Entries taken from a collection
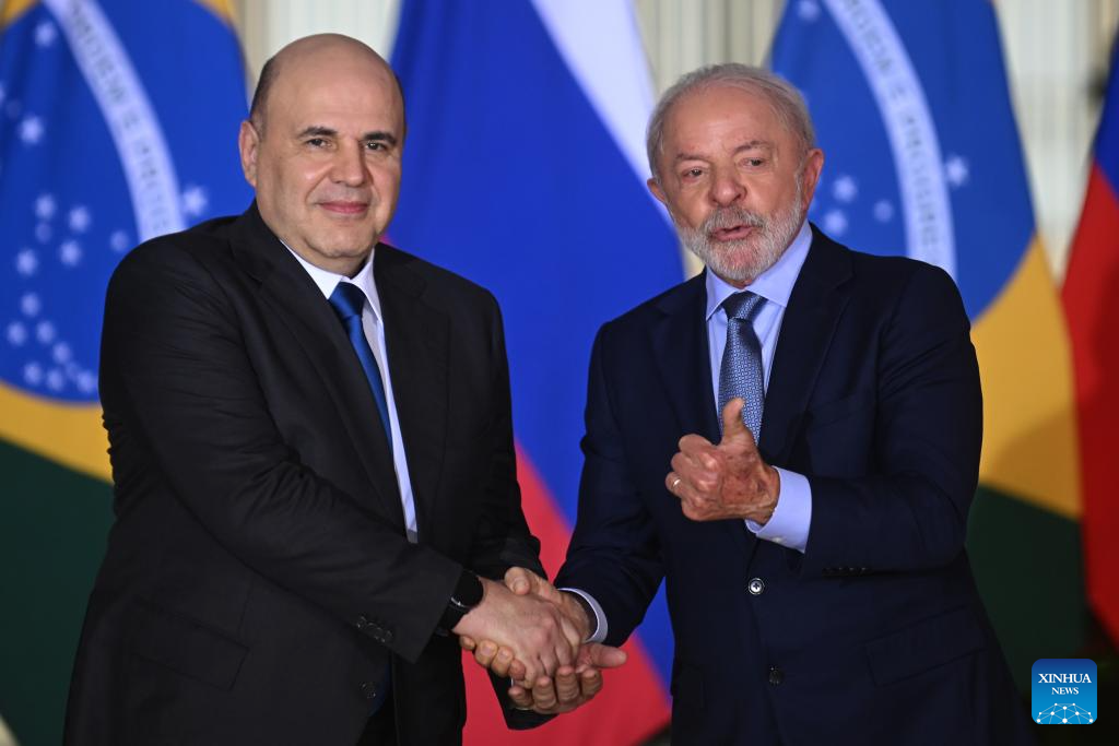 El presidente brasileño, Luiz Inácio Lula da Silva (d), estrecha la mano del primer ministro ruso, Mikhail Mishustin (i), después de una reunión bilateral en el marco de la VIII Reunión de la Comisión de Alto Nivel de Cooperación Brasil-Rusia, en el Palacio de Itamaraty, en Brasilia, Brasil, el 5 de febrero de 2026. La VIII Reunión de la Comisión de Alto Nivel de Cooperación Brasil-Rusia, tiene como objetivo fortalecer el comercio y la cooperación entre los dos países. (Xinhua/Lucio Tavora)
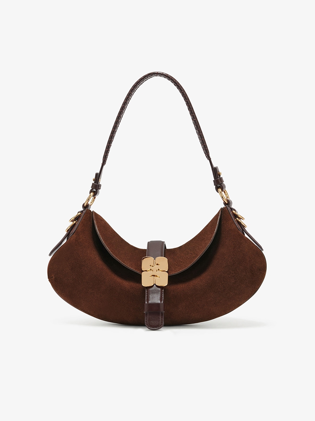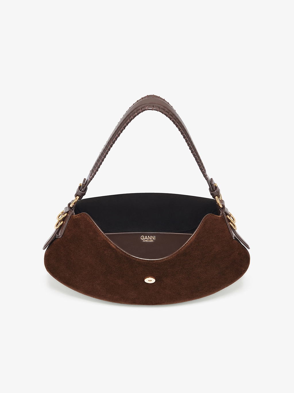 Opdag den elegante 'Ganni Kat Baguette Suede Chicory Coffee' taske, perfekt til den stilbevidste kvinde. Denne taske er fremstillet med et fokus på bæredygtighed, bestående af 60% genbrugslæder og 85% genbrugspolyester i foeret. Den har en karakteristisk buet silhuet, klaplukning med GANNI's ikoniske sommerfugl og praktisk skulderrem. Med dimensioner på 18 cm i højden, 4 cm i bredden og 36 cm i dybden, er denne taske ideel til at rumme dine essentielle genstande som mønter, nøgler og læbestift. Farven 'Chicory Coffee' tilføjer et tidløst touch til enhver garderobe.
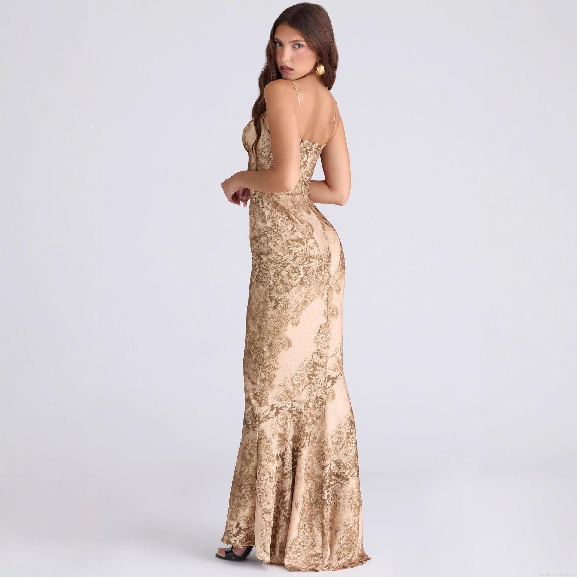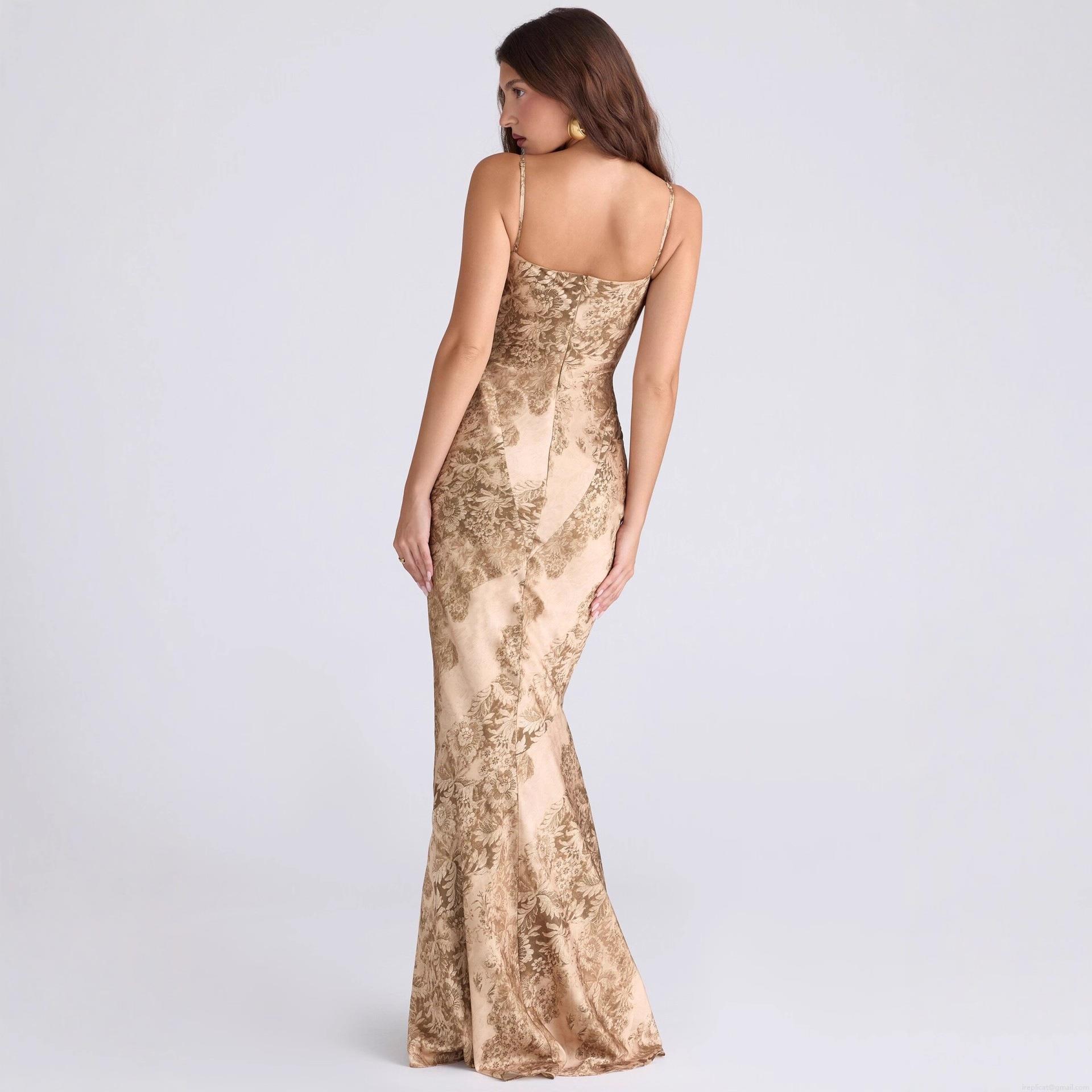 • Women's Elegant Cowl Neck Satin Floral Slip Maxi Dress Sexy Backless Fishtail Bodycon Long Evening Party Dress For Banquet Wedding Guests Formal
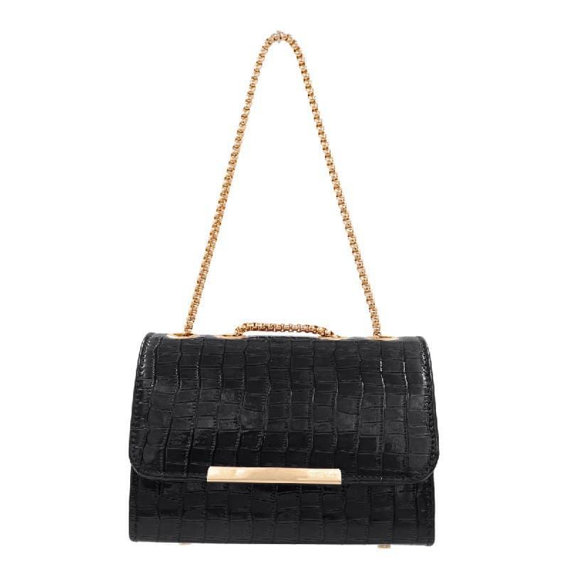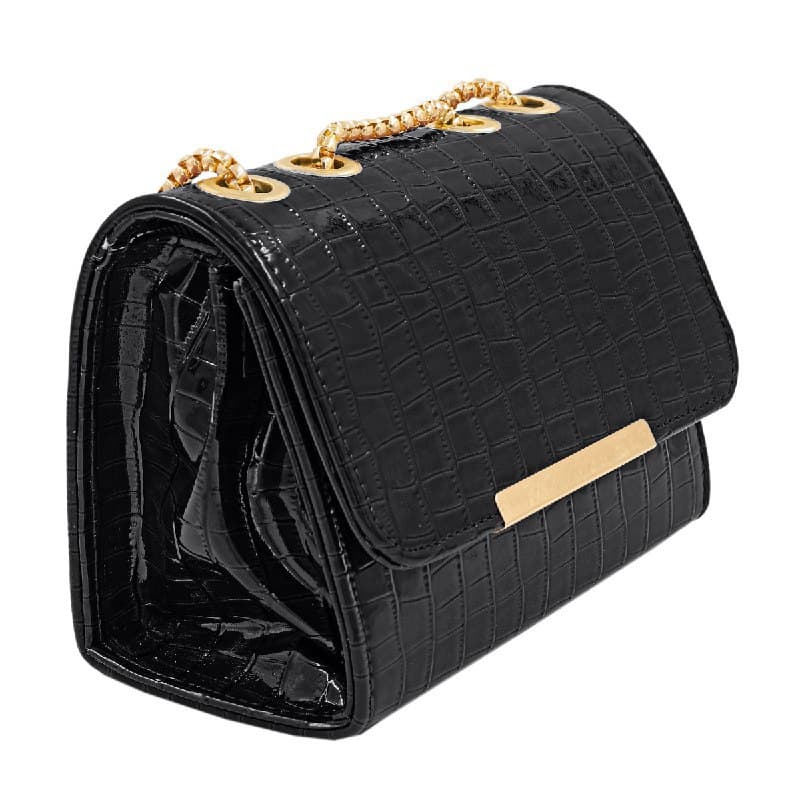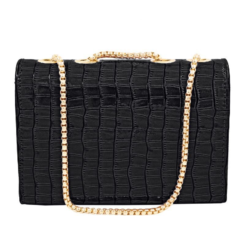 • SPECIFICATIONS : This synthetic leather shiny bag has one compartment and 1 chained pocket. The size of the bag is 22cm x 15cm x 9cm.
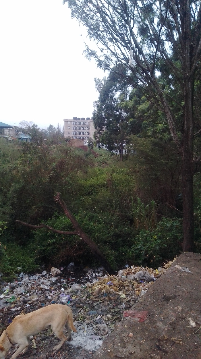 The image displays an outdoor scene in Nkaimurunya ward, Kenya, featuring a natural and urbanized environment under an overcast sky. In the lower-left foreground, a light-tan colored dog, possibly a Labrador mix, with a chain visible around its neck, is actively sniffing the ground. The immediate area around the dog and extending across the lower-mid portion of the frame is an extensive accumulation of mixed garbage, consisting of plastic bags, wrappers, organic debris (possibly corn husks), and general refuse. A large, dark, fallen tree branch lies horizontally across the garbage pile. Beyond the refuse, the midground is dominated by dense, unmanaged green vegetation, including various bushes, trees, and tall grasses. In the background, several multi-story buildings are visible. A prominent light-colored apartment building, featuring multiple dark water tanks on its roof, stands on an elevated section of land. To the left of this building, another structure with a green roof is partially visible. The right side of the image is framed by the trunk and branches of a large tree with sparse foliage; a white plastic bag is entangled in its upper branches. The ground on the far right consists of a steep, reddish-brown dirt embankment.
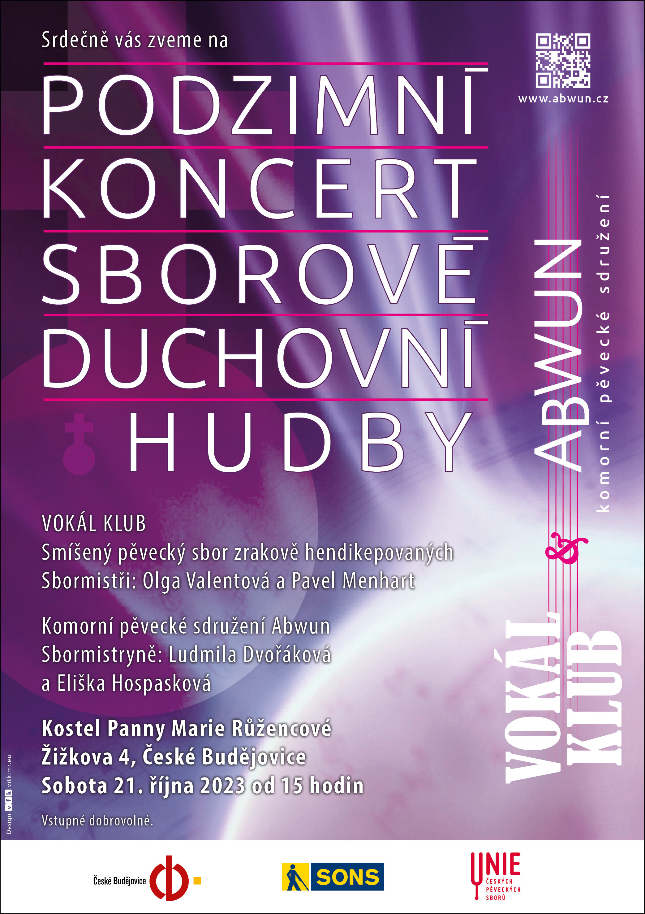 Chtěli bychom Vás pozvat na podzimní koncert sborové duchovní hudby, kde vystoupí Vokál klub společně s komorním pěvěckým sdružením ABWUN. Akce se bude konat 21. 10. 2023 od 15:00 v Českých Budějovicích v kostele Panny Marie Růžencové, Žižkova 4.
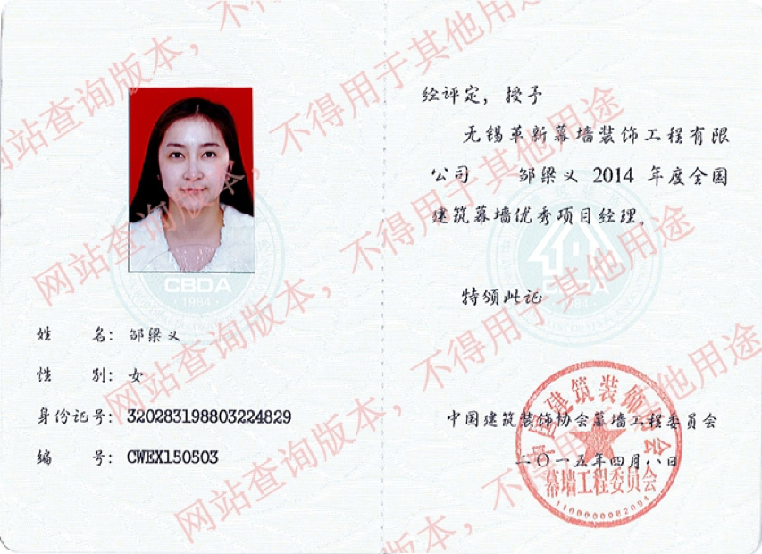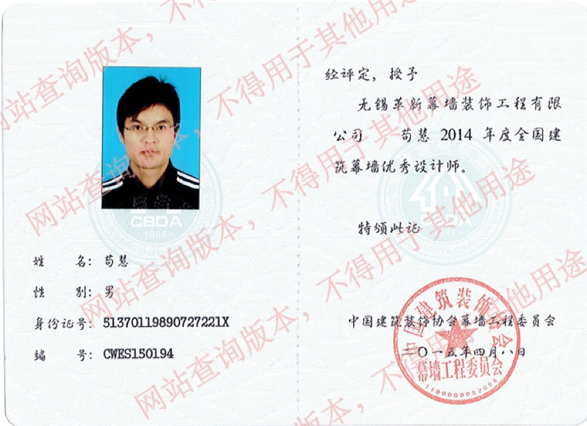 喜訊:熱烈祝賀我公司茍慧同志榮獲2014年全國建筑幕墻(幕墻委員會)優(yōu)秀設計師
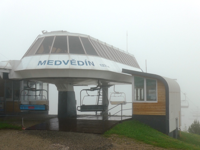 Der kommende Tag begann bei trüben Wetter. Unser Ziel war die Elbquelle in 1386m Höhe. Dazu nutzten wir den Sessellift zum Medvedin, Doch genau hier begann es zu regnen.
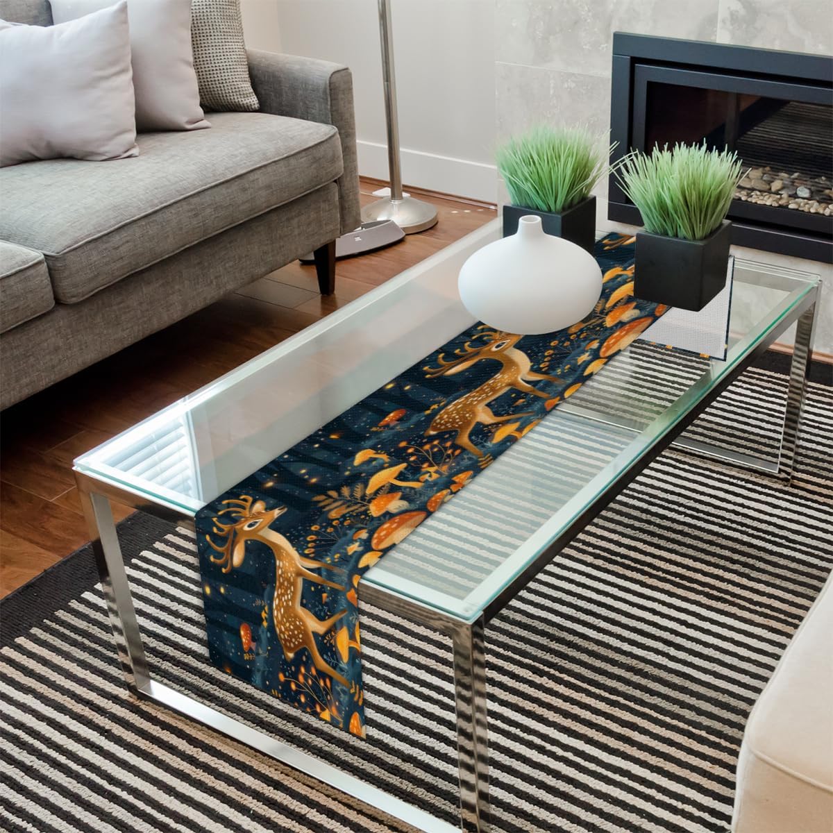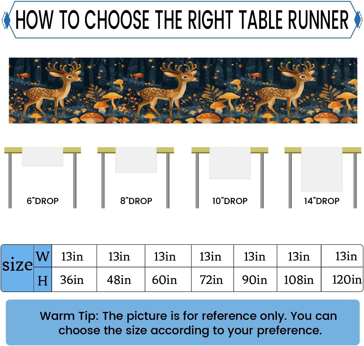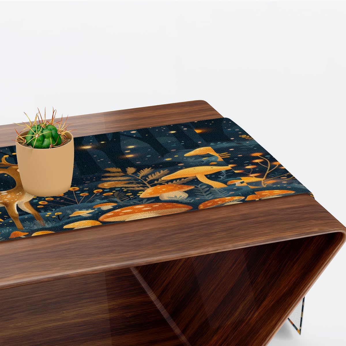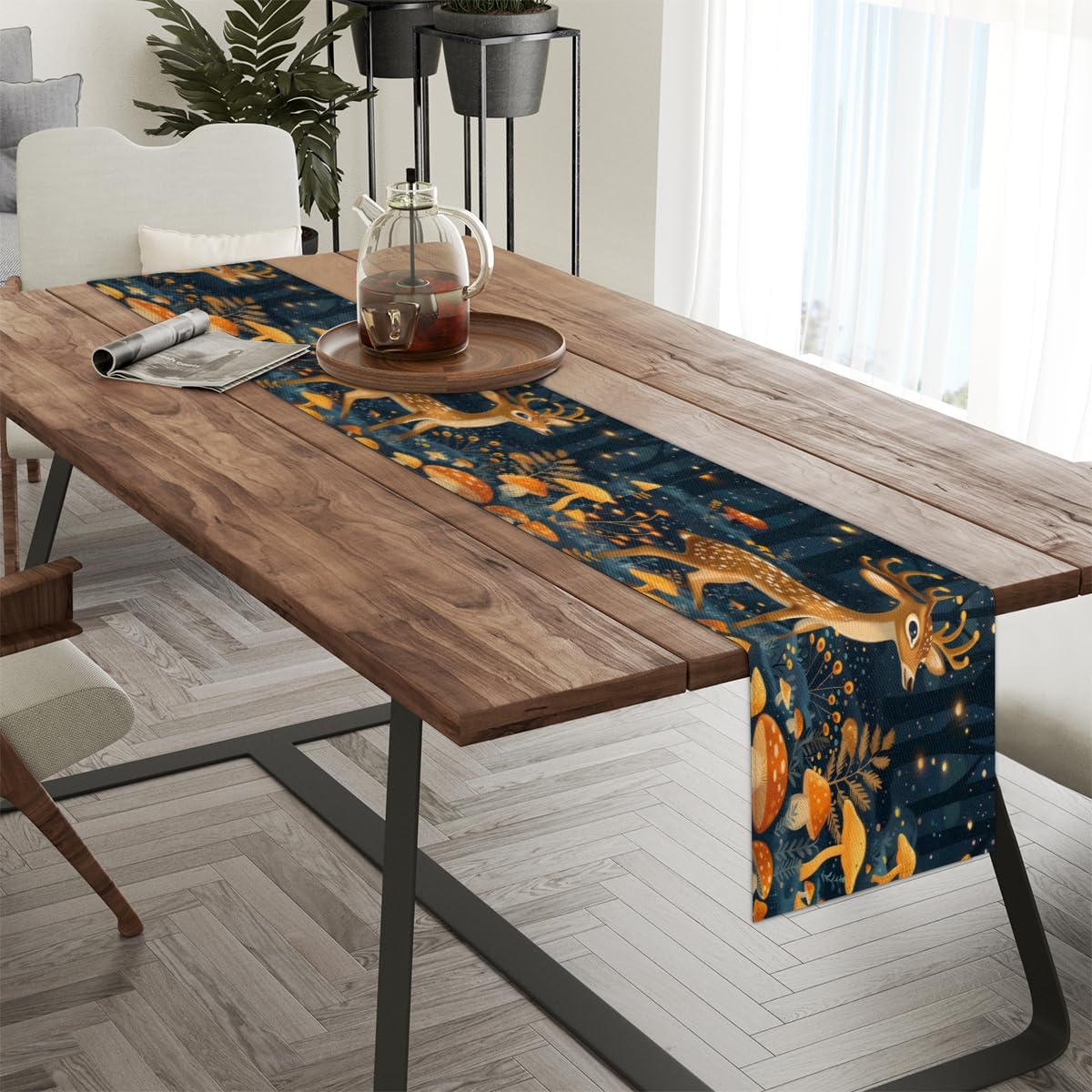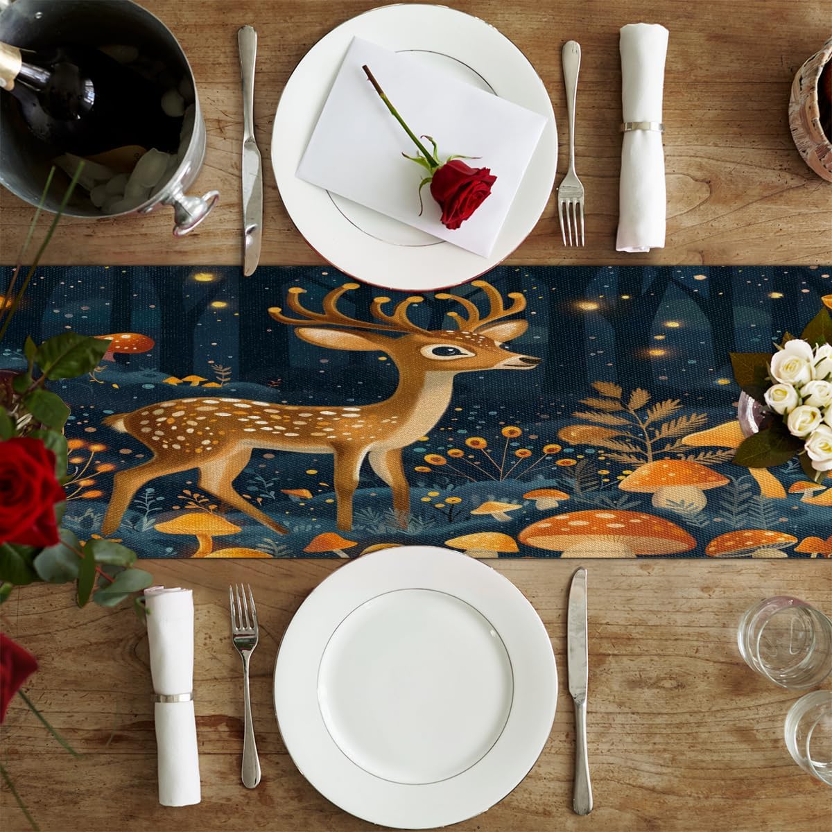 Runner da tavolo con cervi della foresta natalizia, 33 x 182 cm, decorazione per tavolo da pranzo per la casa, decorazione per feste a forma di fungo

• **Exercise prompt**: Please transcribe each entry exactly and exclude any image it contains.

• **Exercise response**:
 El presidente brasileño, Luiz Inácio Lula da Silva (d), estrecha la mano del primer ministro ruso, Mikhail Mishustin (i), después de una reunión bilateral en el marco de la VIII Reunión de la Comisión de Alto Nivel de Cooperación Brasil-Rusia, en el Palacio de Itamaraty, en Brasilia, Brasil, el 5 de febrero de 2026. La VIII Reunión de la Comisión de Alto Nivel de Cooperación Brasil-Rusia, tiene como objetivo fortalecer el comercio y la cooperación entre los dos países. (Xinhua/Lucio Tavora)
 Opdag den elegante 'Ganni Kat Baguette Suede Chicory Coffee' taske, perfekt til den stilbevidste kvinde. Denne taske er fremstillet med et fokus på bæredygtighed, bestående af 60% genbrugslæder og 85% genbrugspolyester i foeret. Den har en karakteristisk buet silhuet, klaplukning med GANNI's ikoniske sommerfugl og praktisk skulderrem. Med dimensioner på 18 cm i højden, 4 cm i bredden og 36 cm i dybden, er denne taske ideel til at rumme dine essentielle genstande som mønter, nøgler og læbestift. Farven 'Chicory Coffee' tilføjer et tidløst touch til enhver garderobe.
 • Women's Elegant Cowl Neck Satin Floral Slip Maxi Dress Sexy Backless Fishtail Bodycon Long Evening Party Dress For Banquet Wedding Guests Formal
 • SPECIFICATIONS : This synthetic leather shiny bag has one compartment and 1 chained pocket. The size of the bag is 22cm x 15cm x 9cm.
 The image displays an outdoor scene in Nkaimurunya ward, Kenya, featuring a natural and urbanized environment under an overcast sky. In the lower-left foreground, a light-tan colored dog, possibly a Labrador mix, with a chain visible around its neck, is actively sniffing the ground. The immediate area around the dog and extending across the lower-mid portion of the frame is an extensive accumulation of mixed garbage, consisting of plastic bags, wrappers, organic debris (possibly corn husks), and general refuse. A large, dark, fallen tree branch lies horizontally across the garbage pile. Beyond the refuse, the midground is dominated by dense, unmanaged green vegetation, including various bushes, trees, and tall grasses. In the background, several multi-story buildings are visible. A prominent light-colored apartment building, featuring multiple dark water tanks on its roof, stands on an elevated section of land. To the left of this building, another structure with a green roof is partially visible. The right side of the image is framed by the trunk and branches of a large tree with sparse foliage; a white plastic bag is entangled in its upper branches. The ground on the far right consists of a steep, reddish-brown dirt embankment.
 Chtěli bychom Vás pozvat na podzimní koncert sborové duchovní hudby, kde vystoupí Vokál klub společně s komorním pěvěckým sdružením ABWUN. Akce se bude konat 21. 10. 2023 od 15:00 v Českých Budějovicích v kostele Panny Marie Růžencové, Žižkova 4.
 喜訊:熱烈祝賀我公司茍慧同志榮獲2014年全國建筑幕墻(幕墻委員會)優(yōu)秀設計師
 Der kommende Tag begann bei trüben Wetter. Unser Ziel war die Elbquelle in 1386m Höhe. Dazu nutzten wir den Sessellift zum Medvedin, Doch genau hier begann es zu regnen.
 Runner da tavolo con cervi della foresta natalizia, 33 x 182 cm, decorazione per tavolo da pranzo per la casa, decorazione per feste a forma di fungo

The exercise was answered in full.